* [Task to carry out] Take from the entries below the stretch from the line with "A calça azul" through the line with "Заготовка під вишивку", and return it exactly, leaving the pictures out.

* [Data to use]
Segment Open

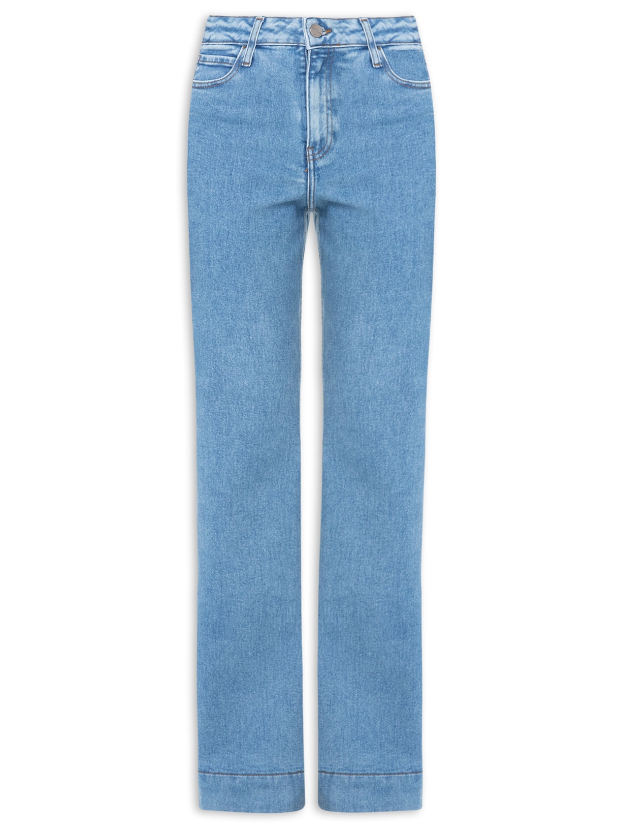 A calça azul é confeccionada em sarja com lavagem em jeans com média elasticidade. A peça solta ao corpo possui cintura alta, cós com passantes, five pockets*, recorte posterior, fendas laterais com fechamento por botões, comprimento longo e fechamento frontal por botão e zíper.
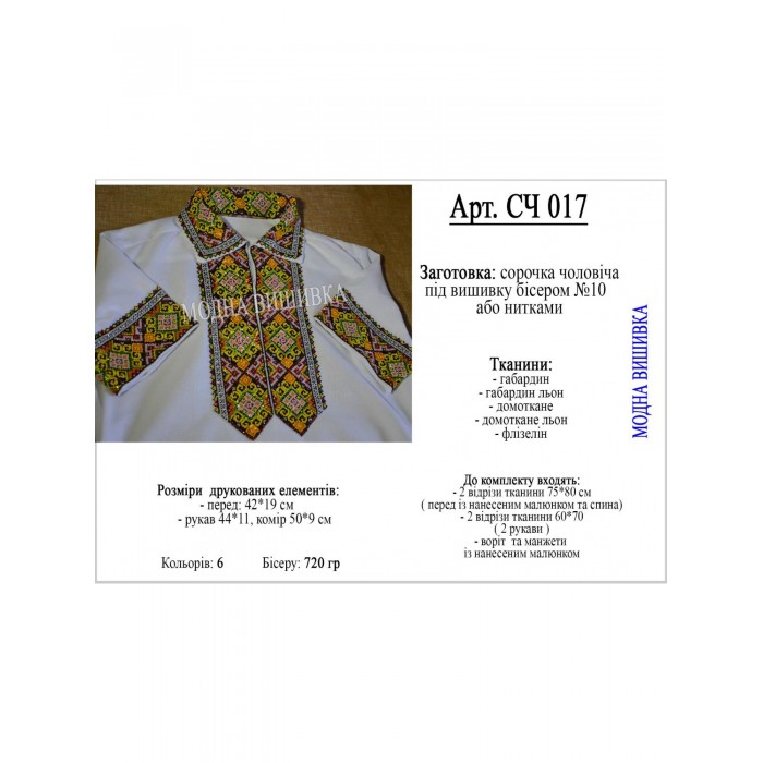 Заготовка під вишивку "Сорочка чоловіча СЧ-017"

Segment Closed
Segment Open

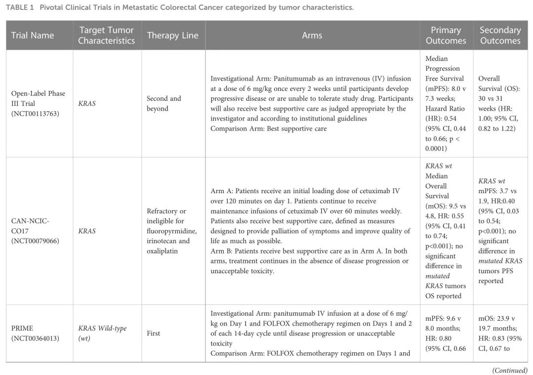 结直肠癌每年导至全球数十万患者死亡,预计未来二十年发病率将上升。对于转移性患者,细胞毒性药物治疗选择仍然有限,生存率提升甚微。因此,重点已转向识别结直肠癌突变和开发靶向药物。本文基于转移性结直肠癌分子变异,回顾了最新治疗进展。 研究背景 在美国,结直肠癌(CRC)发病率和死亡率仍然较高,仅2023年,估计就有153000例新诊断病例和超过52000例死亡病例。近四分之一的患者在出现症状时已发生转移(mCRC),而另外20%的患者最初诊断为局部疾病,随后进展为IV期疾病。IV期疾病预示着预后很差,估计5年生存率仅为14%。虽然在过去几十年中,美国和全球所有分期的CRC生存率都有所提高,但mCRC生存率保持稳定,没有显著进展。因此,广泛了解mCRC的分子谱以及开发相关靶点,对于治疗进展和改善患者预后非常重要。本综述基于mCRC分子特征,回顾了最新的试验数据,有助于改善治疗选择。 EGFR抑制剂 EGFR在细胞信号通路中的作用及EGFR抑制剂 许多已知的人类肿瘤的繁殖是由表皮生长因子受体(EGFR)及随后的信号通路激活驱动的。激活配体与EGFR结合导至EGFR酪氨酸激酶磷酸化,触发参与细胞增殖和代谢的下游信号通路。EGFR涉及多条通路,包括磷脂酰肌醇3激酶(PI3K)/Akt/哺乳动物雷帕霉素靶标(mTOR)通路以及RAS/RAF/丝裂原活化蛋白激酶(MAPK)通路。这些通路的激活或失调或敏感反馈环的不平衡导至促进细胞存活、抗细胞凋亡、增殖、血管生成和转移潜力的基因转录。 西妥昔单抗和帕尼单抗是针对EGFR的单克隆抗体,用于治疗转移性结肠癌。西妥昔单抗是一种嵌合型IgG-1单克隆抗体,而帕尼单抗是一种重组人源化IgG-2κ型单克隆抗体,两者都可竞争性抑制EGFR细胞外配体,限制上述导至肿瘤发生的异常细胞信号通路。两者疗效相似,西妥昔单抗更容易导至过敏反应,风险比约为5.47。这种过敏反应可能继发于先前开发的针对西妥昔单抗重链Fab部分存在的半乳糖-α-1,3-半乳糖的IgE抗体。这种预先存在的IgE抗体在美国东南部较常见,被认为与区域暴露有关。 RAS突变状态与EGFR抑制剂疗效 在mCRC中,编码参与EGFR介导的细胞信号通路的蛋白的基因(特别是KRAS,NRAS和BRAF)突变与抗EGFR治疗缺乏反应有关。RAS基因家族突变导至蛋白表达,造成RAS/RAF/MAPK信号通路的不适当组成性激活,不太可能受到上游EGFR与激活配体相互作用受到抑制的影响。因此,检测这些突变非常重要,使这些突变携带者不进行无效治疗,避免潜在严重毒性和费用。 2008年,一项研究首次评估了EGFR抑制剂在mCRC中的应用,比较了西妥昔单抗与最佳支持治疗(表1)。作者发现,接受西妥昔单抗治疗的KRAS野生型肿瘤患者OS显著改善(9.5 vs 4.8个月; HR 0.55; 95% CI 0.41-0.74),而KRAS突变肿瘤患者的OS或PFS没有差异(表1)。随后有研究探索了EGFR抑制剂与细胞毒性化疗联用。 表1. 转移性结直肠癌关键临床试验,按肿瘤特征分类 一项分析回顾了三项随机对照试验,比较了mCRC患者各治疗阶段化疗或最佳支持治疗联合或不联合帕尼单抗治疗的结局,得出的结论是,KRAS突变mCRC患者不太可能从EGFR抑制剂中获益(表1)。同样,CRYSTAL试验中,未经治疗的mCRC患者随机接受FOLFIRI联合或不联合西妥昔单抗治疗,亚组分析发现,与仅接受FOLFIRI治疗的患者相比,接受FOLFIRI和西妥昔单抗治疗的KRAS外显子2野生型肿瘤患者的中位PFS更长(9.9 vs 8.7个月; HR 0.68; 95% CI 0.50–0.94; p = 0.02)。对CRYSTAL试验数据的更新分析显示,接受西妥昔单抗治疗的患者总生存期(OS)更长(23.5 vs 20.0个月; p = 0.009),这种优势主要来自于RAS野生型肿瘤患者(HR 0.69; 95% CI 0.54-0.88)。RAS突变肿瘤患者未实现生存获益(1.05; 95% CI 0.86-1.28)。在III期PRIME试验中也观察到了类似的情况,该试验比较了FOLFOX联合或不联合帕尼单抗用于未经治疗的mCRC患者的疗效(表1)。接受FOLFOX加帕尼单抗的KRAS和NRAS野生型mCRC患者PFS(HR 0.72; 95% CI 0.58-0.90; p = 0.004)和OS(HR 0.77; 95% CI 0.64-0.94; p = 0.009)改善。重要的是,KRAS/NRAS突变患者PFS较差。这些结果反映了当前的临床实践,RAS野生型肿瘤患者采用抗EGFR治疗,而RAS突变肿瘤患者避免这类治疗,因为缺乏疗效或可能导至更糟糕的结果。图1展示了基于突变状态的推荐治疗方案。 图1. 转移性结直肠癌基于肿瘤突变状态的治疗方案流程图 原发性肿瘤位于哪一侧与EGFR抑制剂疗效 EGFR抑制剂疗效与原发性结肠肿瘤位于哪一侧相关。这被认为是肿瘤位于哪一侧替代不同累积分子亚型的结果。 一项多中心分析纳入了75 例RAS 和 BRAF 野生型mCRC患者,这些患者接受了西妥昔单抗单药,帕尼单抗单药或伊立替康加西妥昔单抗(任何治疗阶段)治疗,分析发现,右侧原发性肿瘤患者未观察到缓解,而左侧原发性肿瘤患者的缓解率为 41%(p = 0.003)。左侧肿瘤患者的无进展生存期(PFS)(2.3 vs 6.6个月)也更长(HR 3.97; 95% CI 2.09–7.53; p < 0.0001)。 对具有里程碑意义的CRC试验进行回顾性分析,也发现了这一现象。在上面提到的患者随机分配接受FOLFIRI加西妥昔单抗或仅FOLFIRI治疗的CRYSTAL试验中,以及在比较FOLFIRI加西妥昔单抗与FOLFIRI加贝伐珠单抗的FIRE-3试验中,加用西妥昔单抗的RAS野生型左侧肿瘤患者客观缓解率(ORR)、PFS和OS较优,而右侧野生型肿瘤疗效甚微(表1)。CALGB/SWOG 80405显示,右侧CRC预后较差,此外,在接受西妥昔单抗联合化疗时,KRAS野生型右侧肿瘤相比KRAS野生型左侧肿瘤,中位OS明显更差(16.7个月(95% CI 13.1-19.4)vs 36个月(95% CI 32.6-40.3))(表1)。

Segment Closed

* [Solution below]
 A calça azul é confeccionada em sarja com lavagem em jeans com média elasticidade. A peça solta ao corpo possui cintura alta, cós com passantes, five pockets*, recorte posterior, fendas laterais com fechamento por botões, comprimento longo e fechamento frontal por botão e zíper.
 Заготовка під вишивку "Сорочка чоловіча СЧ-017"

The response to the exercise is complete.